#### WHAT YOU ARE ASKED TO DO
Wherever a picture appears in the data below, omit it, and restate everything else word for word.

#### DATA BELOW
Segment Open

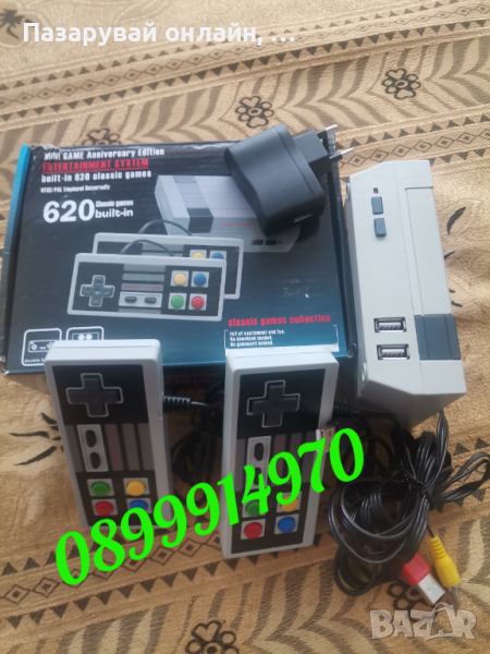 Ретро телевизионна геймърска конзола с 620 вградени игриЛюбимите на всички класически игри се завръщат в игровата конзола.Подходяща за всички подрастващи геймъри, подрастващи и вече порастнали. С нея ще се забавлявате истински! Свързва се изключително лесно - просто поставете кабели от комплекта към играта и към телевизора. В играта ще намерите 620 броя вградени игри като супер марио, контра, чип и дейл, колички и много други.Предимства, преимущества и характеристики:Списък с инсталирани игри:SUPER MARIO BROSSUPER MARIO BROS 3DR MARIOMARIO BROS & WRECKING CREW(ORIGINAL ARCADE GAMES)DONKEY KONG 1, 2, 3 & Junior MathNINJA TURTLES 1 & 3KAGE(SHADOW OF THE NINJA)ADVENTURE ISLAND 1, 2, 3 & 4LITTLE SAMSONEXCITE BIKECHIP AND DALE 2CONTRACONTRA FORCESUPER CONTRASPIDERMAN 2 & 3BOMBERMANELEVATOR ACTIONPAPER BOYHOME ALONEMEGAMAN 3ROBOCOP 2GRADIUSGALAGA1942ALADDIN 3SPACE INVADERSKAGE(SHADOW OF THE NINJA)NINJA GAIDEN 1 & 2POWERBLADE 1 & 2THE LEGEND OF KAGEKUNG FUHOTBLOOD SERIES(PREVIOUSLY UNAVAILABLE IN EUROPE)ICE HOCKEYBUBBLE BOBBLE 2PAC MAN 1 & 3PAC MANIAMS PAC MANPAC LANDXEVIOUSCHUBBY CHERUBFLAPPYTETRIS 1 & 2LODE RUNNERKLAXADVENTURES OF LOLO 1 & 2ARKANOIDFRIDAY THE 13THPLANTS Vs ZOMBIESSOLOMON’S KEYSPY Vs SPYPOPEYE-Видео игри, които Ви връщат към спомените от детството-Над 620 ретро 8-битови видео игри-Входящо напрежение: 110-240 V 50/60 Hz-Изходящо напрежение: DC 5 V/500 mA-Размери на конзолата: 125×98×42mm-Размери на джойстика: 121×52×16mm-Легендарен дизайн-Материал: ABS-Тегло: 425 гр-Включен RCA кабел за свързване на джойстиците-Включен 3 чинчов AV кабел за връзка с телевизора
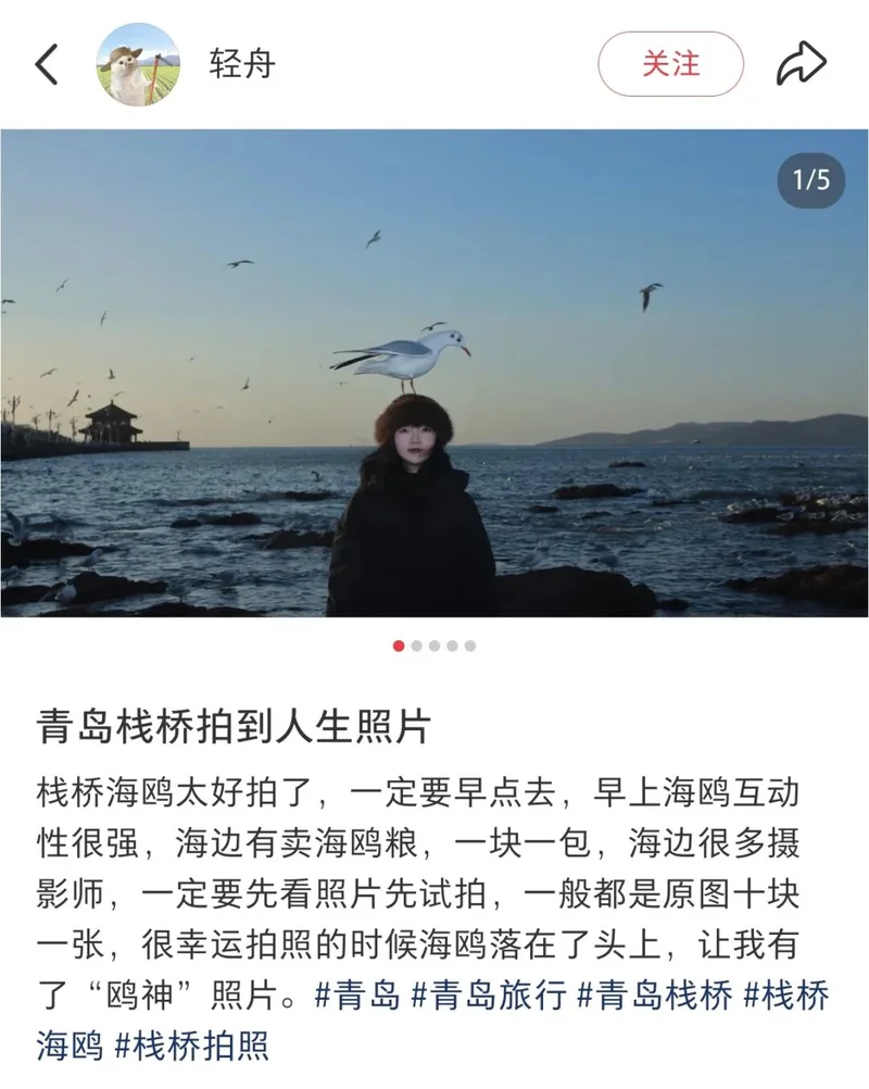 在互联网的叙事里,去青岛栈桥要是不被海鸥踩一下头,这趟旅行基本上算瞎了。
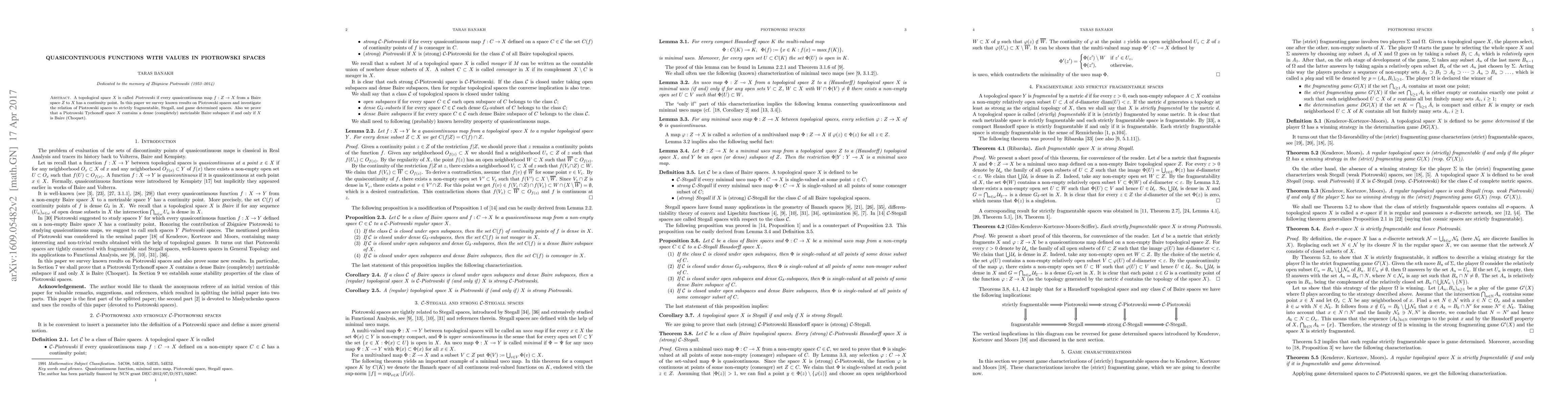 A topological space $X$ is called Piotrowski if every quasicontinuous map $f:Z\to X$ from a Baire space $Z$ to $X$ has a continuity point. In this paper we survey known results on Piotrowski spaces and investigate the relation of Piotrowski spaces to strictly fragmentable, Stegall, and game determined spaces. Also we prove that a Piotrowski Tychonoff space $X$ contains a dense (completely) metrizable Baire subspace if and only if $X$ is Baire (Choquet).
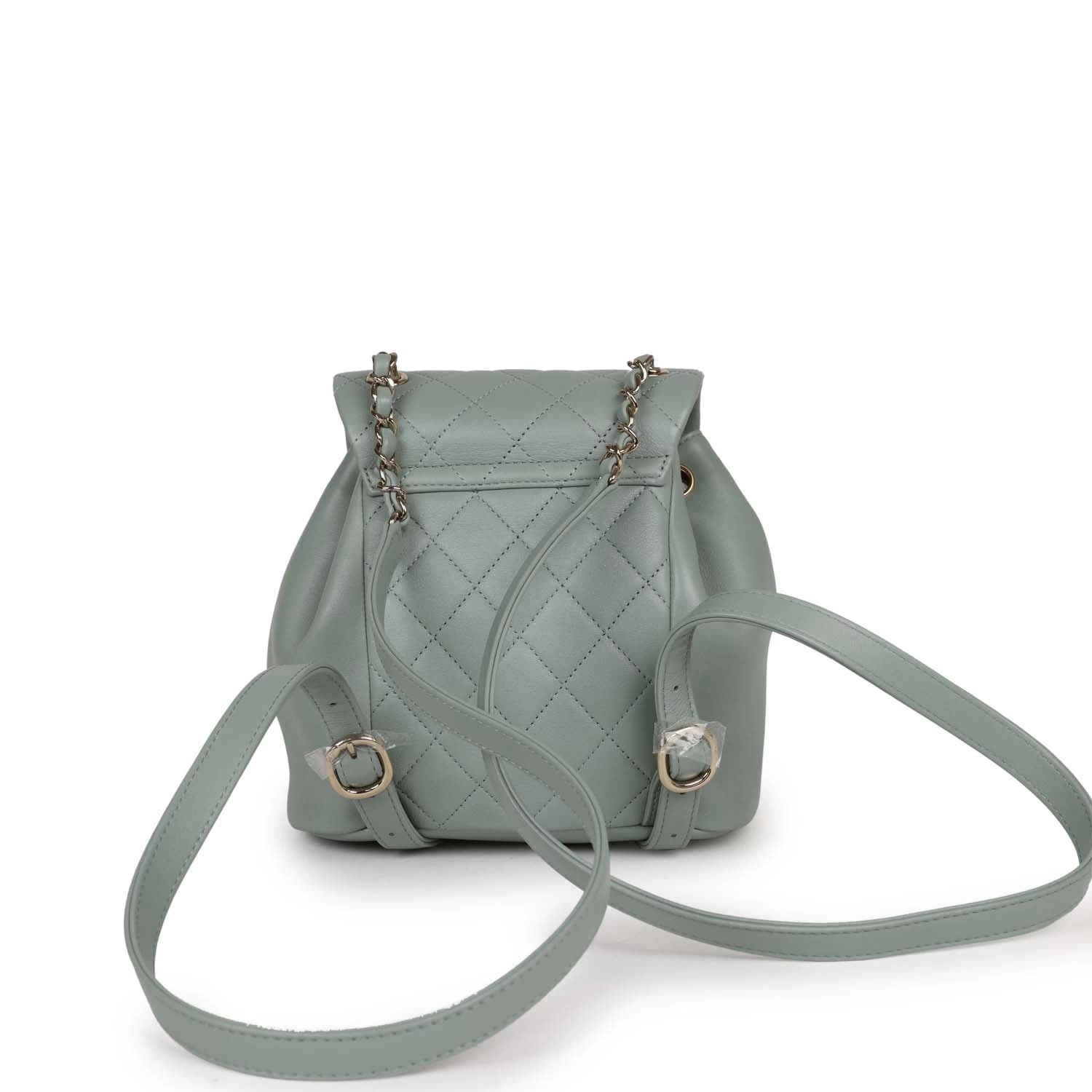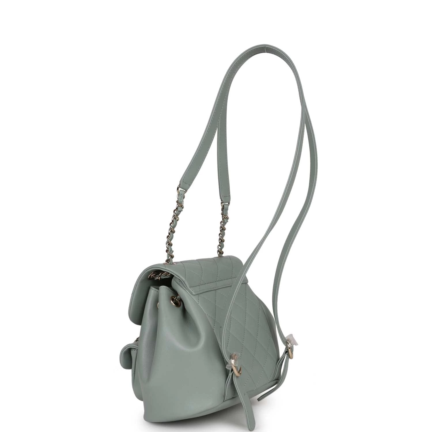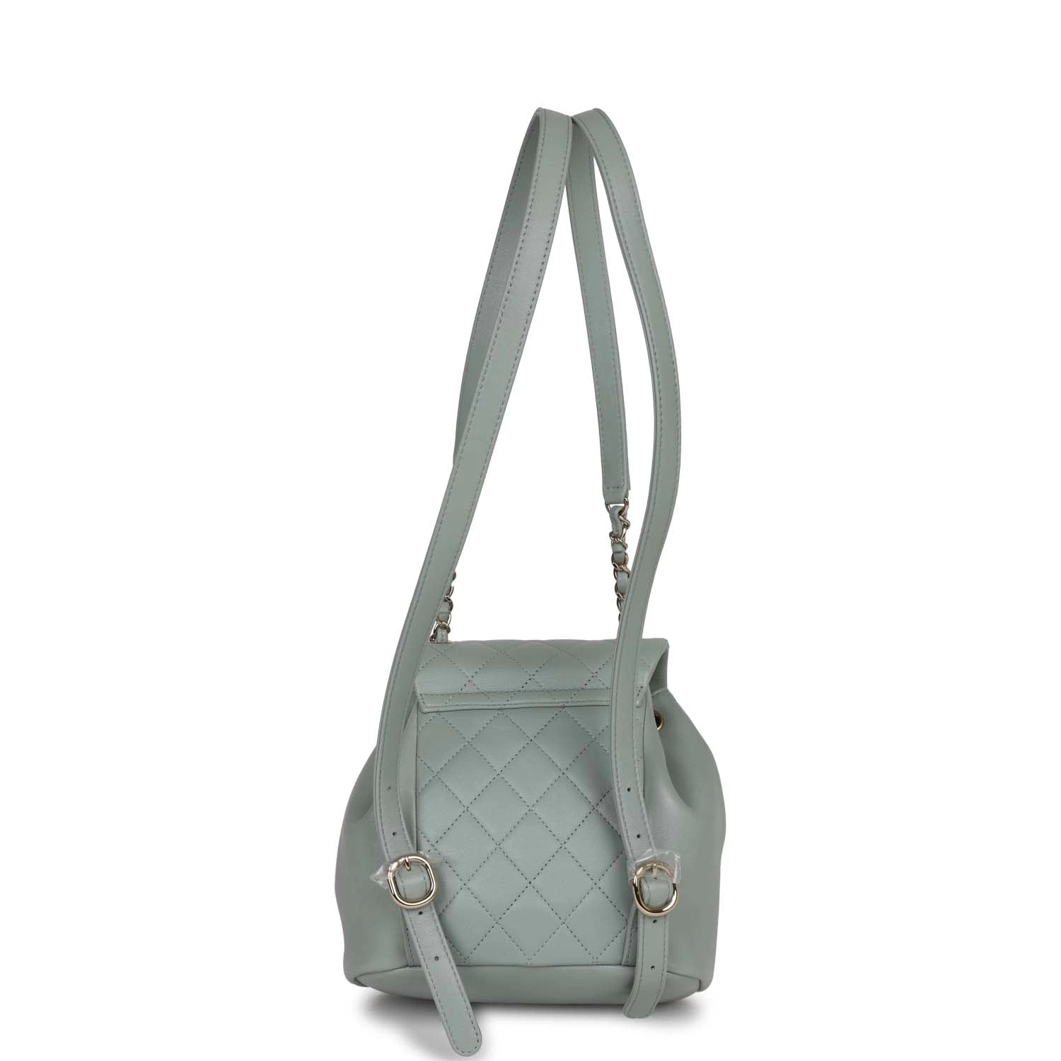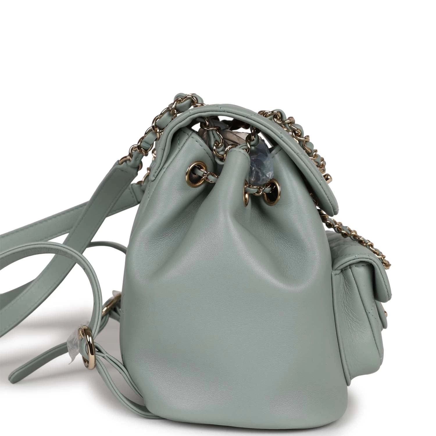 This Small Duma Backpack is in Light blue lambskin leather with light gold tone hardware and has a front flap with signature CC logo, front pocket, single light blue leather top handle and adjustable straps.

Segment Closed

#### REPLY TO THE TASK
 Ретро телевизионна геймърска конзола с 620 вградени игриЛюбимите на всички класически игри се завръщат в игровата конзола.Подходяща за всички подрастващи геймъри, подрастващи и вече порастнали. С нея ще се забавлявате истински! Свързва се изключително лесно - просто поставете кабели от комплекта към играта и към телевизора. В играта ще намерите 620 броя вградени игри като супер марио, контра, чип и дейл, колички и много други.Предимства, преимущества и характеристики:Списък с инсталирани игри:SUPER MARIO BROSSUPER MARIO BROS 3DR MARIOMARIO BROS & WRECKING CREW(ORIGINAL ARCADE GAMES)DONKEY KONG 1, 2, 3 & Junior MathNINJA TURTLES 1 & 3KAGE(SHADOW OF THE NINJA)ADVENTURE ISLAND 1, 2, 3 & 4LITTLE SAMSONEXCITE BIKECHIP AND DALE 2CONTRACONTRA FORCESUPER CONTRASPIDERMAN 2 & 3BOMBERMANELEVATOR ACTIONPAPER BOYHOME ALONEMEGAMAN 3ROBOCOP 2GRADIUSGALAGA1942ALADDIN 3SPACE INVADERSKAGE(SHADOW OF THE NINJA)NINJA GAIDEN 1 & 2POWERBLADE 1 & 2THE LEGEND OF KAGEKUNG FUHOTBLOOD SERIES(PREVIOUSLY UNAVAILABLE IN EUROPE)ICE HOCKEYBUBBLE BOBBLE 2PAC MAN 1 & 3PAC MANIAMS PAC MANPAC LANDXEVIOUSCHUBBY CHERUBFLAPPYTETRIS 1 & 2LODE RUNNERKLAXADVENTURES OF LOLO 1 & 2ARKANOIDFRIDAY THE 13THPLANTS Vs ZOMBIESSOLOMON’S KEYSPY Vs SPYPOPEYE-Видео игри, които Ви връщат към спомените от детството-Над 620 ретро 8-битови видео игри-Входящо напрежение: 110-240 V 50/60 Hz-Изходящо напрежение: DC 5 V/500 mA-Размери на конзолата: 125×98×42mm-Размери на джойстика: 121×52×16mm-Легендарен дизайн-Материал: ABS-Тегло: 425 гр-Включен RCA кабел за свързване на джойстиците-Включен 3 чинчов AV кабел за връзка с телевизора
 在互联网的叙事里,去青岛栈桥要是不被海鸥踩一下头,这趟旅行基本上算瞎了。
 A topological space $X$ is called Piotrowski if every quasicontinuous map $f:Z\to X$ from a Baire space $Z$ to $X$ has a continuity point. In this paper we survey known results on Piotrowski spaces and investigate the relation of Piotrowski spaces to strictly fragmentable, Stegall, and game determined spaces. Also we prove that a Piotrowski Tychonoff space $X$ contains a dense (completely) metrizable Baire subspace if and only if $X$ is Baire (Choquet).
 This Small Duma Backpack is in Light blue lambskin leather with light gold tone hardware and has a front flap with signature CC logo, front pocket, single light blue leather top handle and adjustable straps.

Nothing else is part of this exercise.